In the classical formulation of linear regression, the ML estimate for $\theta$ is used to define the function $y\left(x\right)$ . Let’s find this estimate. First, let’s write out the log-likelihood explicitly: \(\begin{align} \ell\left(y\,\mid \,\theta\right) & =\sum_{i=1}^{N}\log\mathcal{N}\left(y_{i}\,\mid \,h\left(x_{i}\right)^{T}\theta,I\sigma^{2}\right)\nonumber \\ & =-\frac{1}{2\sigma^{2}}\sum_{i=1}^{N}\mid\mid y_{i}-h\left(x_{i}\right)^{T}\theta\mid\mid ^{2}+\text{const}\\ & =-\frac{1}{2\sigma^{2}}\mid\mid y-H\theta\mid\mid ^{2}+\text{const} \end{align}\) where we will ignore terms that are constant with respect to $\theta$ for now. Finding the maximum of this log-likelihood is often called least squares as we are trying to minimize a sum of square functions over $\theta$ ; the function we are trying to maximize is the negative of the loss: \(\begin{equation} L=\frac{1}{2}\mid\mid y-H\theta\mid\mid ^{2} \end{equation}\)

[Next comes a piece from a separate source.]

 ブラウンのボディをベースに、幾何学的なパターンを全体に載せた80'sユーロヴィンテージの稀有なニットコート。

We can differentiate the log-likelihood by $\theta$ and equate to 0 to find the minimum (the function is quadratic, so the only stationary point is the minimum): \(\begin{equation} \frac{\partial}{\partial\theta}L=H^{T}\left(H\theta-y\right)\stackrel{!}{=}0 \end{equation}\) \(\begin{align} H^{T}H\theta & =H^{T}y\\ \Rightarrow\hat{\theta}_{ML} & =\left(H^{T}H\right)^{-1}H^{T}y \end{align}\)

Geometry of Least Squares

We can gain further insight into the ML solution by looking at the geometry of the least squares solutionThe analysis that follows is a more fleshed out version of the same given in Bishop 3.1.2..

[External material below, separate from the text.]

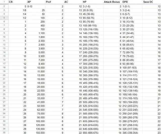 For this, we use an expanded CR calculation table based on work by u/Azuria1 on Reddit, who did an amazing job doing the math for high-end design.

Let’s look at the $N$ dimensional vector $y=\left(y_{1},y_{2},…,y_{N}\right)^{T}$ and the columns of $H$ , which we will denote as $h^{\left(j\right)}$ for now. Some subspace $\mathcal{S}$ is spanned by the $d$ column vectors in $H$ , which leaves us with three possible scenarios that we have to think about when talking about the ML solution $\hat{\theta}_{\text{ML}}=\left(H^{T}H\right)^{-1}H^{T}y$ :

  1. There exists some $\theta$ such that $H\theta=y$ exactly
  2. $y$ is in the orthogonal complement of $\mathcal{S}$, i.e. $H^{T}y=0$
  3. $y$ is a combination of the above two scenarios, in which case we can rewrite it as a part that lies in the subspace plus an orthogonal part: $y=y_{\mathcal{S}}+y_{\perp}\stackrel{\Delta}{=} H\theta_{\mathcal{S}}+y_{\perp}$

Plugging this into the least squares solution, the prediction $\hat{y}$ that we will make is:

\[\begin{align*} \hat{y} & =H\hat{\theta}_{\text{ML}}=H\left(H^{T}H\right)^{-1}H^{T}y\\ & =H\left(H^{T}H\right)^{-1}H^{T}\left(H\theta_{\mathcal{S}}+y_{\perp}\right)\\ & =H\left(H^{T}H\right)^{-1}H^{T}H\theta_{\mathcal{S}}+H\left(H^{T}H\right)^{-1}H^{T}y_{\perp}\\ & =H\theta_{\mathcal{S}}=y_{\mathcal{S}} \end{align*}\]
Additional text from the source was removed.